Nightmare disables window.prompt from popping up by default, but you can still listen for the message to come up. If you need to handle the confirmation differently, you'll need to use your own preload script.

.on('page', function(type="confirm", message, response))

Nightmare disables window.confirm from popping up by default, but you can still listen for the message to come up. If you need to handle the confirmation differently, you'll need to use your own preload script.

.on('console', function(type [, arguments, ...]))

type will be either log, warn or error and arguments are what gets passed from the console. This event is not triggered if the injected javascript code (e.g. via .evaluate()) is using console.log.

.once(event, callback)

Similar to .on(), but captures page events with the callback one time.

.removeListener(event, callback)

Removes a given listener callback for an event.

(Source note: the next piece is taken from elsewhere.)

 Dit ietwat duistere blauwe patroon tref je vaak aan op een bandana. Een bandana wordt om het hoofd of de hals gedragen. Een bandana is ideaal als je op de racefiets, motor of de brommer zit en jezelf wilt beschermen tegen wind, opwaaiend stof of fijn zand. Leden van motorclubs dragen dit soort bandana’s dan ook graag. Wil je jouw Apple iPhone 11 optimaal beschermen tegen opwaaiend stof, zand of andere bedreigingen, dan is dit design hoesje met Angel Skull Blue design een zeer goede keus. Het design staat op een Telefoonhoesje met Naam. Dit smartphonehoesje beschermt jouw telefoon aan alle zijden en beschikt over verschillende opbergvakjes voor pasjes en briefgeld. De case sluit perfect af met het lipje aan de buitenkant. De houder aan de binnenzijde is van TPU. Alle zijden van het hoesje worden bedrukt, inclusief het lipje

.screenshot([path][, clip])

Takes a screenshot of the current page. Useful for debugging. The output is always a png. Both arguments are optional. If path is provided, it saves the image to the disk. Otherwise it returns a Buffer of the image data. If clip is provided (as documented here), the image will be clipped to the rectangle.

.html(path, saveType)

Saves the current page as html as files to disk at the given path. Save type options are here.

.pdf(path, options)

Saves a PDF to the specified path. Options are here.

.title()

Returns the title of the current page.

.url()

Returns the url of the current page.

.path()

Returns the path name of the current page.

Cookies

.cookies.get(name)

Gets a cookie by it's name. The url will be the current url.

.cookies.get(query)

Queries multiple cookies with the query object. If a query.name is set, it will return the first cookie it finds with that name, otherwise it will query for an array of cookies. If no query.url is set, it will use the current url. Here's an example:

// get all google cookies that are secure
// and have the path `/query`
nightmare
  .goto('http://google.com')
  .cookies.get({
    path: '/query',
    secure: true
  })
  .then(cookies => {
    // do something with the cookies
  })

Available properties are documented here: https://github.com/atom/electron/blob/master/docs/api/session.md#sescookiesgetdetails-callback

.cookies.get()

Gets all the cookies for the current url. If you'd like get all cookies for all urls, use: .get({ url: null }).

.cookies.set(name, value)

Sets a cookie's name and value. This is the most basic form, and the url will be the current url.

.cookies.set(cookie)

Sets a cookie. If cookie.url is not set, it will set the cookie on the current url. Here's an example:

nightmare
  .goto('http://google.com')
  .cookies.set({
    name: 'token',
    value: 'some token',
    path: '/query',
    secure: true
  })
  // ... other actions ...
  .then(() => {
    // ...
  })

Available properties are documented here: https://github.com/atom/electron/blob/master/docs/api/session.md#sescookiessetdetails-callback

.cookies.set(cookies)

Sets multiple cookies at once. cookies is an array of cookie objects. Take a look at the .cookies.set(cookie) documentation above for a better idea of what cookie should look like.

.cookies.clear([name])

Clears a cookie for the current domain. If name is not specified, all cookies for the current domain will be cleared.

nightmare
  .goto('http://google.com')
  .cookies.clear('SomeCookieName')
  // ... other actions ...
  .then(() => {
    // ...
  })
.cookies.clearAll()

Clears all cookies for all domains.

nightmare
  .goto('http://google.com')
  .cookies.clearAll()
  // ... other actions ...
  .then(() => {
    //...
  })

Proxies

Proxies are supported in Nightmare through switches.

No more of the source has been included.